● **DATA SHOWN**

________________________

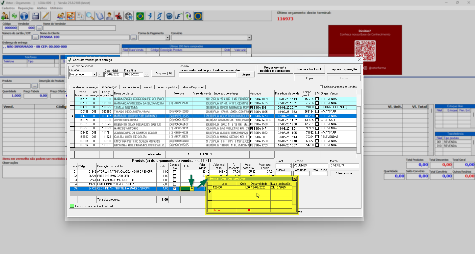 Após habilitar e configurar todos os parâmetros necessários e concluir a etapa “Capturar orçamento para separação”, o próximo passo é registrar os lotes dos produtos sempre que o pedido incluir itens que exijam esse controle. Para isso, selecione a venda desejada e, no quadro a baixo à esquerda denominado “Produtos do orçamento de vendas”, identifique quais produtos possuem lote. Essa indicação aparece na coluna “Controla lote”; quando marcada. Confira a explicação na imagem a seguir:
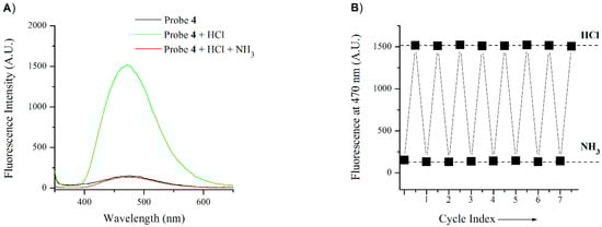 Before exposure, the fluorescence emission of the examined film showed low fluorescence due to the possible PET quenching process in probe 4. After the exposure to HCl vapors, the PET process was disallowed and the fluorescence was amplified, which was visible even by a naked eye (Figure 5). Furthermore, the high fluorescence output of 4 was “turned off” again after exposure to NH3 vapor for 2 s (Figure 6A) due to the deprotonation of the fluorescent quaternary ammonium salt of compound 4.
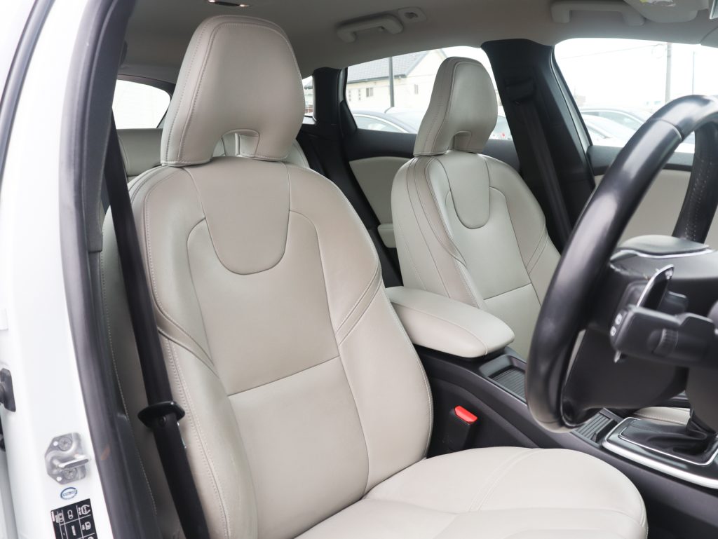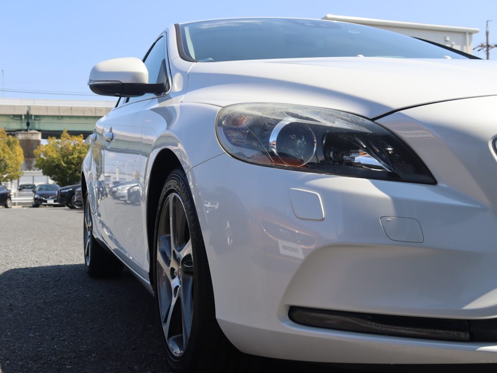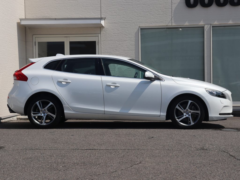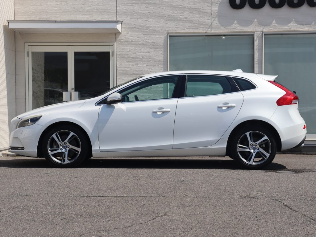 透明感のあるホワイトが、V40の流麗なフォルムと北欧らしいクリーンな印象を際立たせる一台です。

________________________

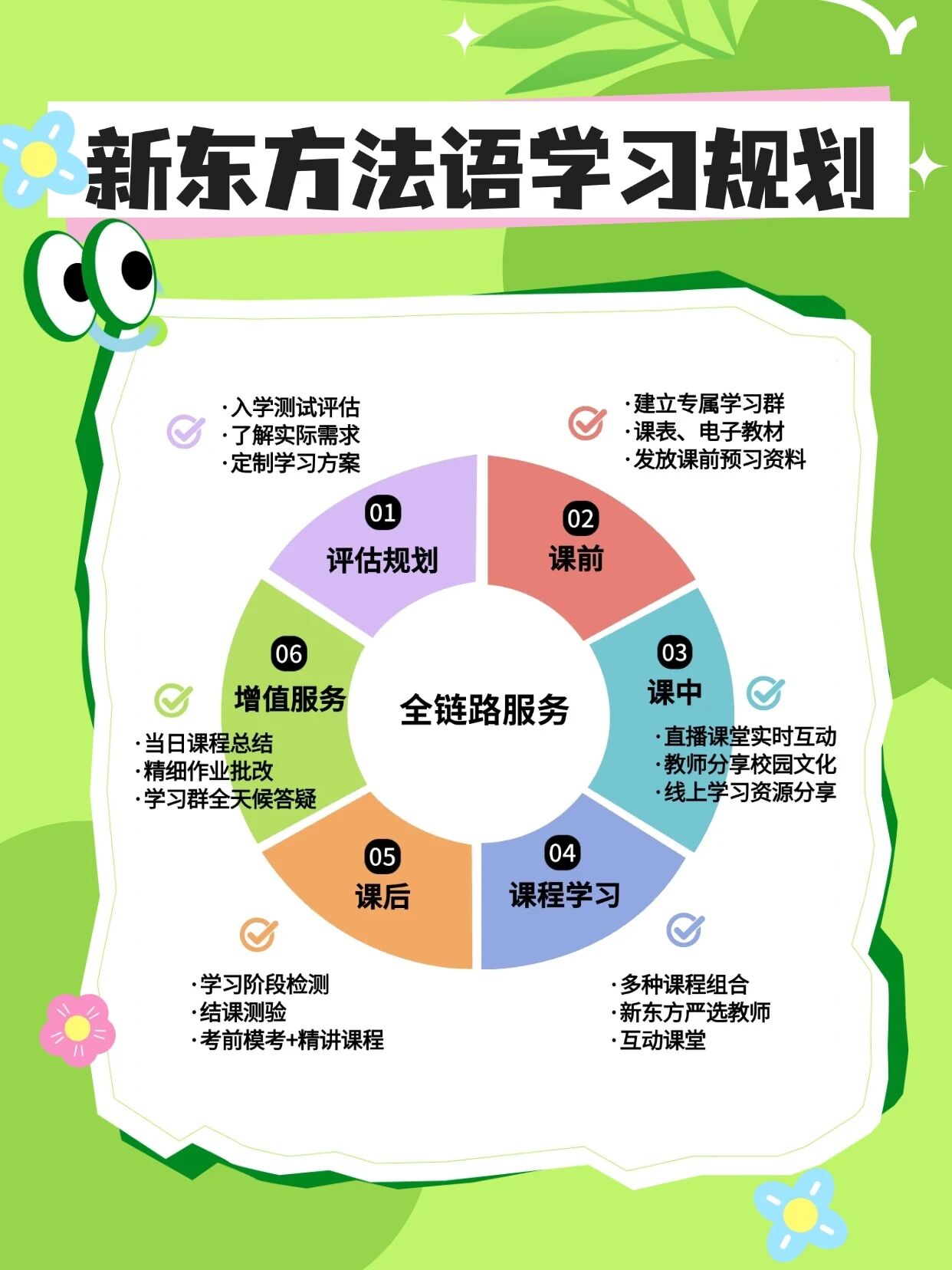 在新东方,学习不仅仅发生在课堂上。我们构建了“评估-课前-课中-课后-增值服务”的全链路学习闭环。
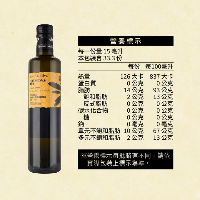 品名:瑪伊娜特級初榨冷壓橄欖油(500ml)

________________________

● **REQUIRED ACTION**
All lines above from the one containing "Após habilitar e" up to and including the one containing "透明感のあるホワイトが、V4" are to be set down exactly, and nothing else. Leave images out.

● **FINISHED TASK**
 Após habilitar e configurar todos os parâmetros necessários e concluir a etapa “Capturar orçamento para separação”, o próximo passo é registrar os lotes dos produtos sempre que o pedido incluir itens que exijam esse controle. Para isso, selecione a venda desejada e, no quadro a baixo à esquerda denominado “Produtos do orçamento de vendas”, identifique quais produtos possuem lote. Essa indicação aparece na coluna “Controla lote”; quando marcada. Confira a explicação na imagem a seguir:
 Before exposure, the fluorescence emission of the examined film showed low fluorescence due to the possible PET quenching process in probe 4. After the exposure to HCl vapors, the PET process was disallowed and the fluorescence was amplified, which was visible even by a naked eye (Figure 5). Furthermore, the high fluorescence output of 4 was “turned off” again after exposure to NH3 vapor for 2 s (Figure 6A) due to the deprotonation of the fluorescent quaternary ammonium salt of compound 4.
 透明感のあるホワイトが、V40の流麗なフォルムと北欧らしいクリーンな印象を際立たせる一台です。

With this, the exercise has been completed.